Björn recenserade Sofia Petrovna av Lidii͡a Korneevna Chukovskai͡a
None
4 stjärnor
In Kolyma Tales, his memories of life in Stalin's prison camps, Varlam Shalamov wrote that one of the most horrifying aspects of Stalin's rule (and, one suspects, of any autocratic system) is how arbitrary it is. A dictator takes power in the name of the people, makes laws in the name of the people, convinces everyone that what's happening is for the people to protect them from dangerous elements without and within ... Except in reality, it didn't matter what you did. Anyone could be convicted of anything at any time on any pretext.
Sofia Petrovna, then.
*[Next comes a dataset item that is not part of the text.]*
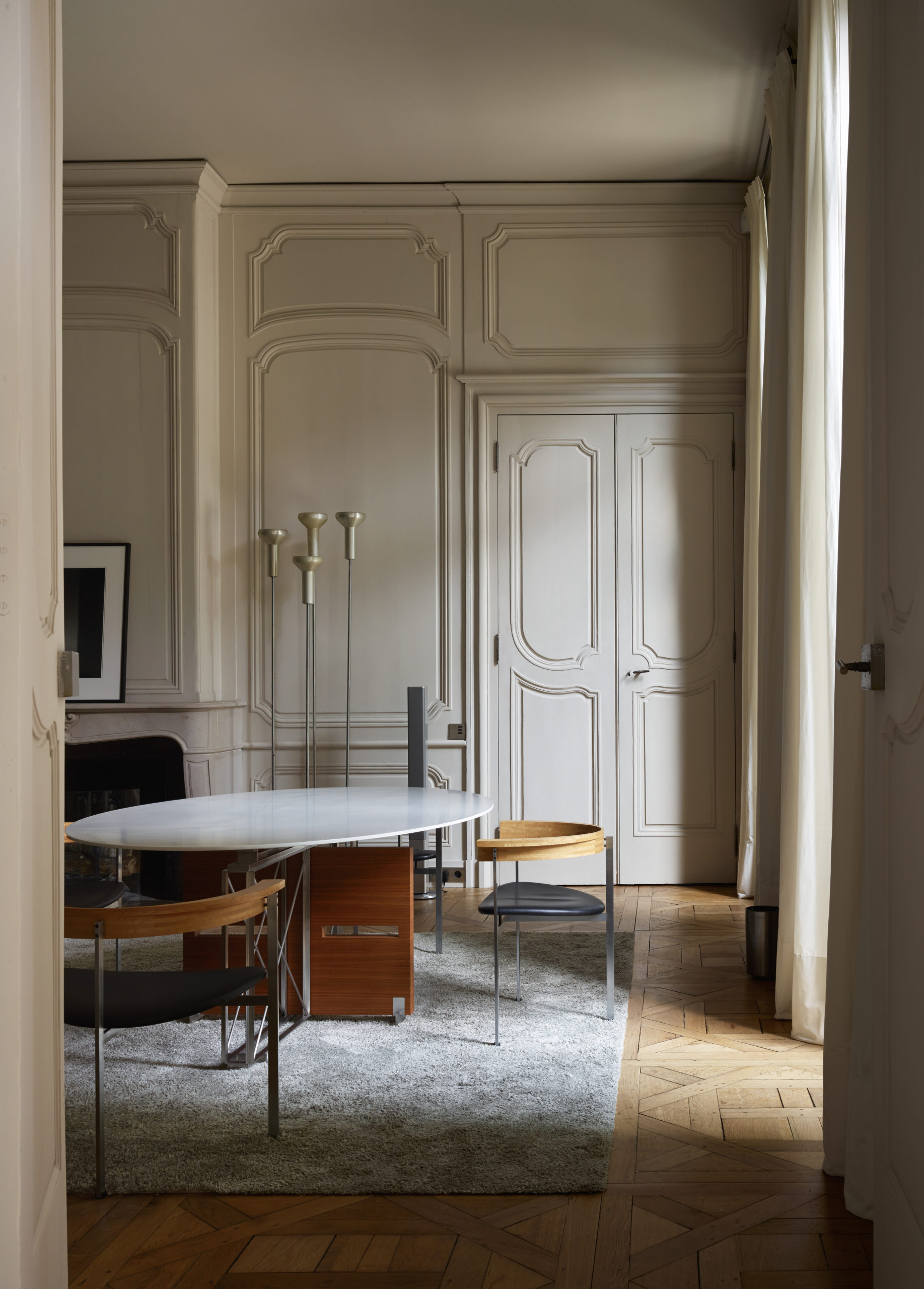 The oval table has been designed with a brushed stainless steel base and a matt varnished brushed walnut panel. The top is made of white fibreglass with a satin resin finish.

Written in 1939 after Chukovskaya's husband was disappeared and executed, kept in a drawer for decades, only published in her home country after 50 years. The titular woman is a widow with one single son. She works in a publishing house, typing up manuscripts for the betterment of the people. She believes in the ideas, in the union, in the leader who only wants what's best for everyone even if he has to be firm sometimes. Her son is the perfect Soviet citizen, born with the revolution, well-read and intelligent and contemptuous towards enemies of the revolution ... and one day, he's arrested. (For terrorism, as it happens.) What specific act of terrorism? Where is he? What will happen to him? What can she do? No one will tell her. But she has to fight; after all, he must be innocent, he can't be like all those others who really are guilty, it must be a mistake, this isn't the corrupt imperial Russia anymore, this is a free country where everyone is equal and there are laws to protect the innocent and courts dedicated to finding out the truth. That's the whole point. If that's not true, then what is?
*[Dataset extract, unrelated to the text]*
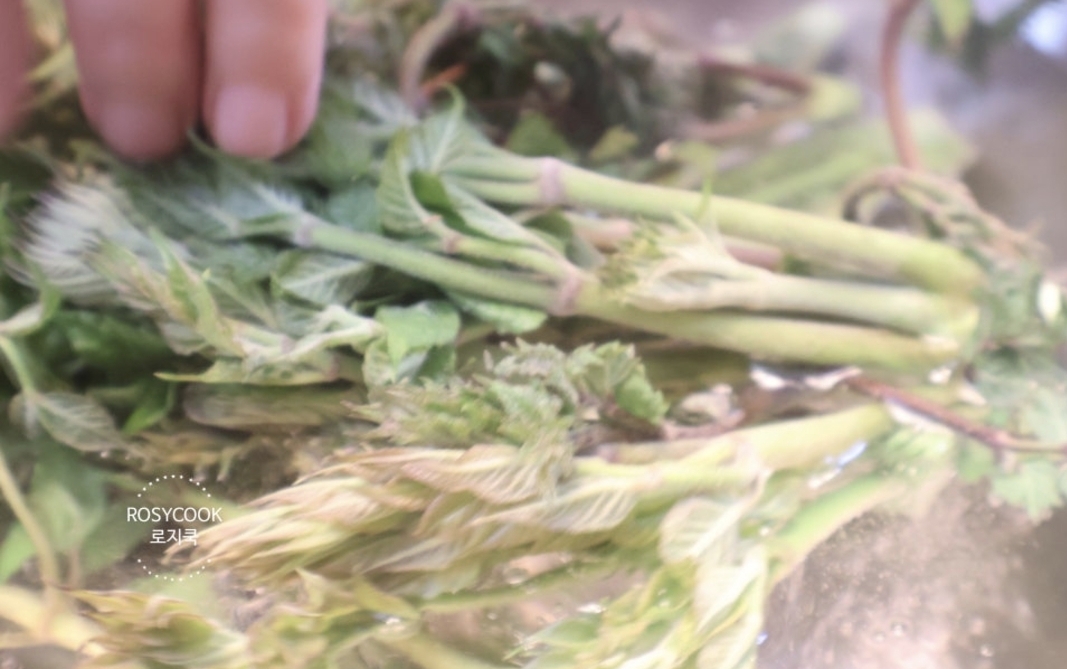 3. 흐르는 물에서 두릅을 헹궈줍니다.

It's easy to draw parallels to Kafka as Sofia circles round and round that question, but there's just as much an Orwellian sense of dread here, a feeling that doesn't just apply to dictatorships. Everyone plays their part in building a society built on fear and intolerance, and the less you want to see it, the more you stare yourself blind at what happens on the other side - whether it's being grateful that things aren't as bad as in Germany, or being outraged at having to wait in line at the magistrate's office with mothers of actual criminals - the less the actual dictator actually has to do. People are all too willing to be a cog, to help drive the machine that eats them.
Then again, the perhaps strongest image here isn't necessarily the holes it smashes in high-flying ideals, but that image of a mother, aging years in months, starving in her one-room apartment next to hundreds of cans of her son's favourite food, waiting for the day he'll come home again. Any day now, any day now.